Question

Use the limit definition of the derivative
f(x)=1/(x+3)
f'(-6)
f'(-4)

Answer 1

@zepdrix

Answer 2

please help me :(

Answer 3

\[\large \color{orangered}{f(x)=\frac{1}{x+3}}\]The Limit Definition of the Derivative:\[\large f'(x)=\lim_{h \rightarrow 0}\frac{f(x+h)-\color{orangered}{f(x)}}{h}\]
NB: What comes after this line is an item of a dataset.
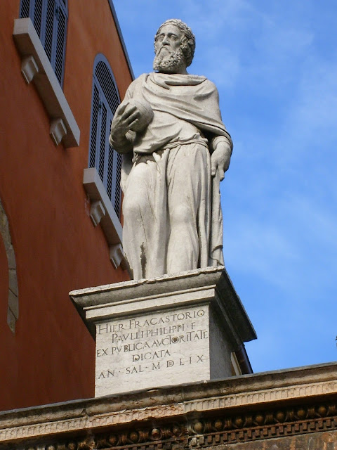 En uno de los arcos de acceso a la Piazza es muy conocida la estatua de Girolamo Francastoro, importante médico, filósofo y astrónomo italiano del siglo XV. Su figura sujeta una figura esférica en una de sus manos que representa al mundo y la leyenda dice que está pelota se caerá en la cabeza de la primera persona honorable que pase por debajo del arco.
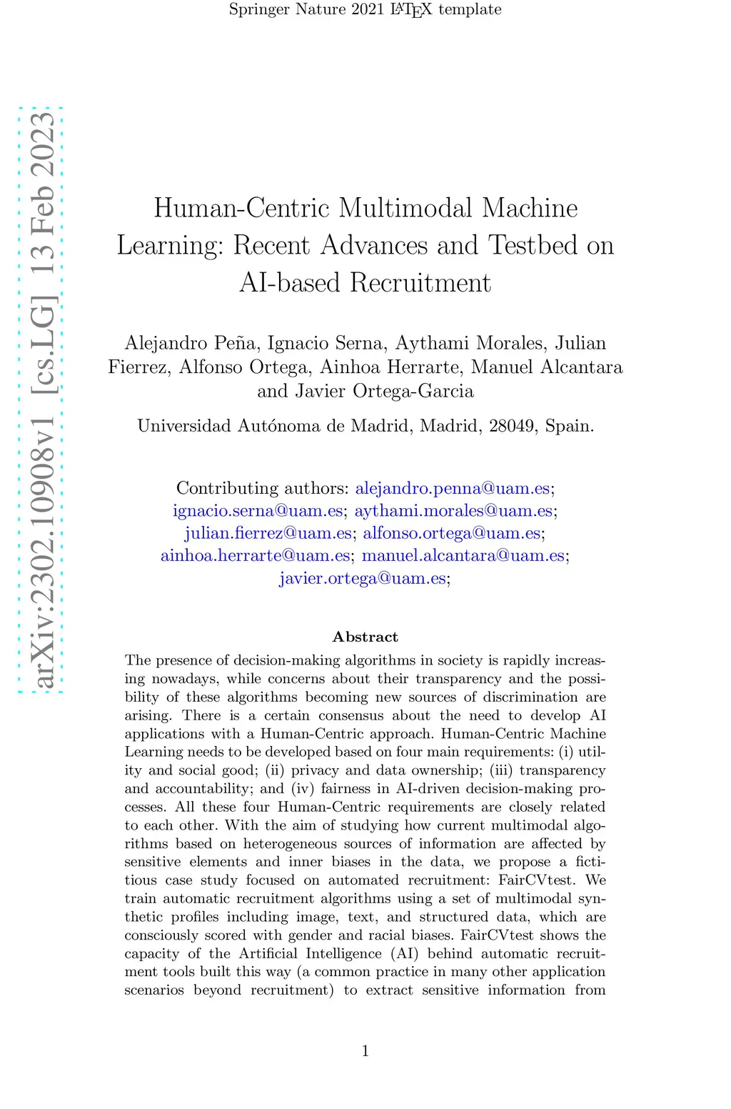 The presence of decision-making algorithms in society is rapidly increasing nowadays, while concerns about their transparency and the possibility of these algorithms becoming new sources of discrimination are arising. There is a certain consensus about the need to develop AI applications with a Human-Centric approach. Human-Centric Machine Learning needs to be developed based on four main requirements: (i) utility and social good; (ii) privacy and data ownership; (iii) transparency and accountability; and (iv) fairness in AI-driven decision-making processes. All these four Human-Centric requirements are closely related to each other. With the aim of studying how current multimodal algorithms based on heterogeneous sources of information are affected by sensitive elements and inner biases in the data, we propose a fictitious case study focused on automated recruitment: FairCVtest. We train automatic recruitment algorithms using a set of multimodal synthetic profiles including image, text, and structured data, which are consciously scored with gender and racial biases. FairCVtest shows the capacity of the Artificial Intelligence (AI) behind automatic recruitment tools built this way (a common practice in many other application scenarios beyond recruitment) to extract sensitive information from unstructured data and exploit it in combination to data biases in undesirable (unfair) ways. We present an overview of recent works developing techniques capable of removing sensitive information and biases from the decision-making process of deep learning architectures, as well as commonly used databases for fairness research in AI. We demonstrate how learning approaches developed to guarantee privacy in latent spaces can lead to unbiased and fair automatic decision-making process.

See the part that I colored orange in the definition? We can plug that right in. But we also need to plug in \(f(x+h)\) correctly.

Answer 4

\[\large f(\color{royalblue}{x})=\frac{1}{\color{royalblue}{x}+3}\]\[\large f(\color{royalblue}{x+h})=\frac{1}{\color{royalblue}{x+h}+3}\]Understand that part? :)

Answer 5

sorry i will ba back in 30 mins so sorry

Answer 6

lol c: k

Answer 7

Hello are you there?

Answer 8

@zepdrix

Answer 9

\[f'(x)=\lim_{h\to 0}\frac{f(x+h)-f(x)}{h}\\
\color{red}{f'(x)=\lim_{h\to 0}\frac{\frac{1}{x+h+3}-\frac{1}{x+3}}{h}}\\
f'(x)=\lim_{h\to 0}\frac{\frac{x+3}{(x+h+3)(x+3)}-\frac{x+h+3}{(x+3)(x+h+3)}}{h}\\
f'(x)=\lim_{h\to 0}\frac{\frac{x+3-x-h-3}{(x+h+3)(x+3)}}{h}\\
f'(x)=\lim_{h\to 0}\frac{\frac{x+3-x-h-3}{(x+h+3)(x+3)}}{h}\]
Does that help? The red part is what @zepdrix was talking about.

Answer 10

no im confused from the start, why its 1/x+h+3?

Answer 11

Like @zepdrix said,
\[f(x)=\frac{1}{x+3}, \text{ so}\\
f(x+h)=\frac{1}{(x+h)+3}\]

Answer 12

Oh i see :)

Answer 13

thank you! can i ask more question?

Answer 14

Start another thread. It's getting messy with all these replies.

Answer 15

ok, sure i will make a new state